Keller's work is published in the April 16 issue of the Proceedings of the National Academy of Sciences.

Adaptive Behavior

It seems that when the Argentine ants invaded Europe in 1920 they entered a "bonanza habitat," says Ross. Ross suspects that with plentiful food and no natural enemies, defending territory and fighting unrelated ants was no longer necessary for survival.

"Nest mates or not, why fight if there is plenty of food," says Ross.

Thus genes involved with recognition—those that allow ants to distinguish a nest mate from a foreigner—may have been less important and lost over time, says Ross.

Keller agrees that there has been a "genetic cleansing" of the recognition cues—the genes involved with recognition must have become very similar within each ant supercolony.
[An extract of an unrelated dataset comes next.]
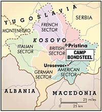 Hintergründe | Geographische Daten | Links Kosova , auch bekannt als Kosovo, ist eine umstrittene Region zwischen der dortigen albanischen Bevölkerungsmehrheit und Serbien. Früher war Kosova eine autonome Region in der jugosllawischen Föderation. 1989 wurde die Autonomie Kosovas durch das Regime von Slobodan Milosevic aufgehoben, dessen spätere Aktionen in den Zerfall Jugoslawiens führten. Jugoslawien, dass aus Serbien,Kroatien, Mazedonien, Solvenien, Bosnien und Herzegovina, Kosova und Vojvodina bestand, wurde durch die Kriege Serbiens gegen Slovenien und Kroatien, sowie Bosnien-Herzegovina und zuletzt gegen Kosova zerstört. Nach der Aufhebung der Autonomi Kosovas hat die serbische Regierung die meisten Schulen in albanischer Sprache geschlossen und eine massive "Säuberung" aller wichtigen staatlichen Posten vorgenommen, die früher von einheimischen Albanern besetzt waren. Ebenfalls wurden das Paarlamment, die Regierung und alle wichtigen Organe aufgelöst. Serbien instalierte somit ein Regime in Kosova, dass die Grundrechte der einheimischen Albaner systematisch unterdrückte. Anfang der 90-ger Jahre versuchten, die Albaner Kosovas, unter Führung von Ibrahim Rugova durch eine friedliche Politik ihre Rechte wieder zu erkämpften, jedoch ohne Erfolg. Im Frühjahr 1998 began Serbien den Kampf gegen die kosovarische Befreiungsarmee (UCK), eine "Rebellen-Organisation", die nach Jahren der friedlichen Politik, keinen anderen Ausweg mehr sah, als mit Waffen gegen die repressive Besatzung und Unterdrückung zu kämpfen. Beim Kampf gegen die UCK gingen serbische Streitkräfte immer unverhältnismässiger vor und verschonten dabei auch die Zivilbevölkerung nicht. Es wurden immer wieder auch unschuldige Frauen und Kinder ermordet und ganze Dörfer und Ortschaften zerstört und verwüstet Nach zahlreichen, erfolglosen diplomatischen Bemühungen und Vermittlungen, began die NATO im März 1999 mit der Bombardierung Serbiens. Nach einigen Wochen kappitulierte Milosevic und unterschierb einen Friedensvertrag, der Kosova unter UN-Verwaltung und miliärischem Schutz der KFOR stellte. Der Krieg in Kosova hatte mehr als eine Million Flüchtlinge und über 10.000 tote Menschen zufolge. Jetzt wird Kosova von der UNMIK und NATO verwaltet. Kosova gränzt an Serbien im Norden und Nord-Osten, Montenegro im Nordwesten und Westen, sowie an (FYROM) Mazedonien im Süden. Das Land erstreckt sich auf insg. 10,887 km2 und hat eine Bevölkerung von ung.2 Mio. Die Mehrheit von ihnen, ung. 90% sind Albaner.

What is clear is that the recognition genes between the main European supercolony and the Catalonian supercolony are very different. Ants from these colonies fight aggressively—biting at the head, releasing venom and locking body parts in the jaws. Death usually occurs within a minute.
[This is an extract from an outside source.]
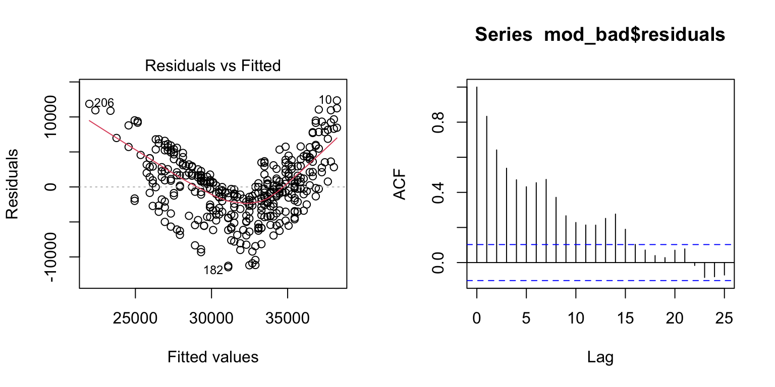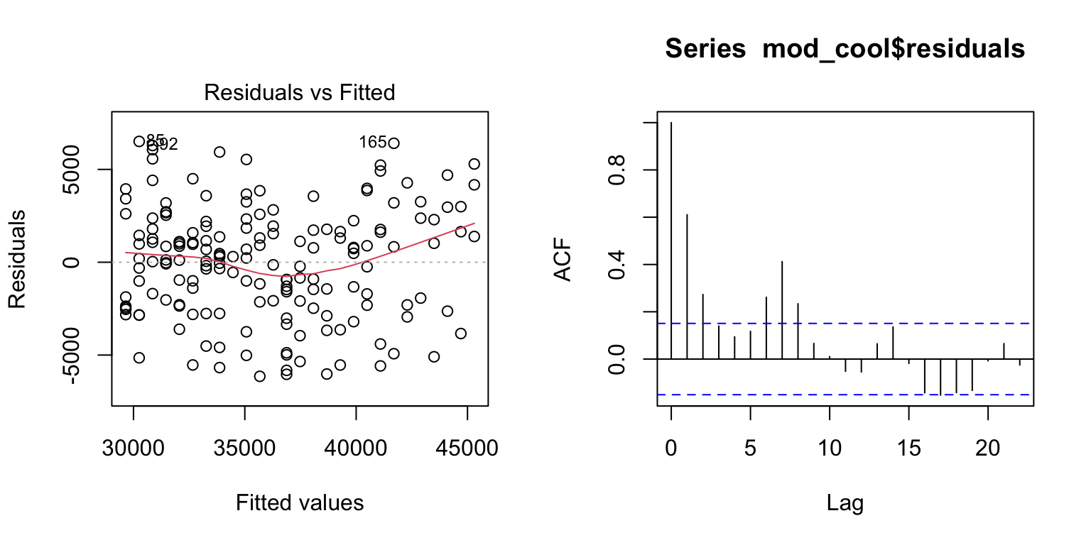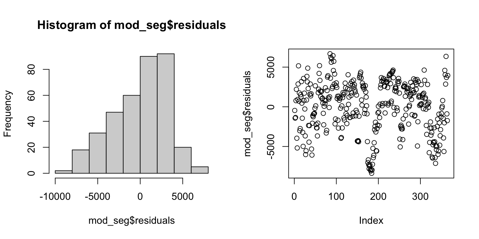 • Fitted model objects returned by the segmented() function work a bit differently than model objects created by lm(), so we will slightly adjust our approach to checking assumptions and drop the Q-Q plot.

"What I find exciting is that the social organization of an entire species can change by changing environment," says Keller.

Argentine ants are a particularly aggressive invasive species. Away from their homeland they tend to displace or eradicate the local ant populations as well as spiders and insects. The ants destroy fruit and buds, and tend to protect insects that devastate plant life.

Their tremendous destructive power is due in part to their ability to form these vast cooperative colonies.